A bevy of satellites buzzing around in the Earths magnetosphere has found at least part of the answer to a long-standing puzzle about the source of the charged particles that feed the aurora.
Three-dimensional computer simulation of the space waves or vortices that inject the solar wind plasma into the Earths magnetic field. Green-blue areas represent the solar wind plasma, and red-orange areas represent plasma trapped in Earths magnetic field. Earths magnetosphere develops ripples and folds like a flag in the wind as the solar wind blows past. This turbulence creates rolling waves on the edges of the magnetosphere that engulf the solar wind into the magnetosphere (see orange wavelike structure in the cut-away portion of the image). The blue, green and orange swirl behind the wave is the vortex that mixes the solar wind into the magnetosphere. The vortices are huge structures, measuring more than 20,000 miles across. (Kentaro Tanaka of Tokyo Institute of Technology)

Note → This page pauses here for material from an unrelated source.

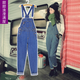 2014新款女裝A2589休閑百搭寬松工裝藍色牛仔背帶褲子寬松牛仔褲 /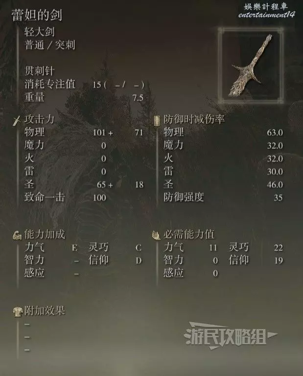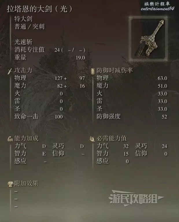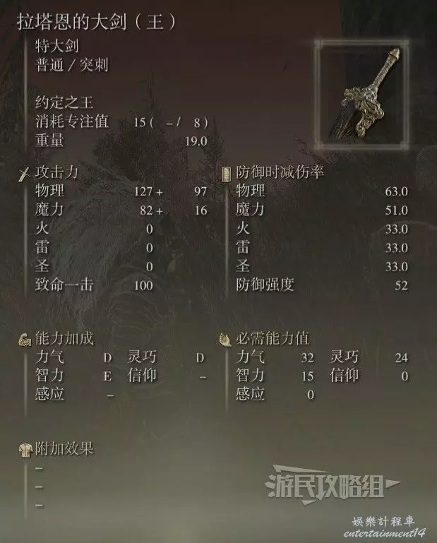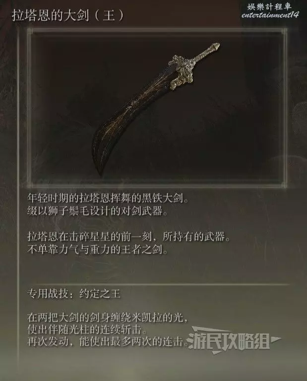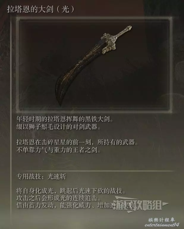 擊敗最終BOSS後,得到神祇與王的追憶。到大賜福找“解指”恩雅,用神祇與王的追憶可兌換【武器】拉塔恩的大劍(王)、【武器】拉塔恩的大劍(光)、【禱告】米凱拉的光。

The charged particles come from explosions on the sun and smash into the Earths magnetic field, which repels the bulk of them. But many slip through, often via a physical process called magnetic reconnection, where the magnetic field traveling with the particles breaks and reconnects with the Earths field, opening a window for the particles to surge through. Once inside, these excited particles can spiral down toward the poles and create brilliant auroras when they hit the atmosphere.
But magnetic reconnection happens only when the solar winds magnetic field direction is 180 degrees opposite from that of the magnetic field of the Earth. When the two fields are aligned, there is no obvious physical process allowing entry of charged particles, at least at the leading edge of the Earths magnetosphere.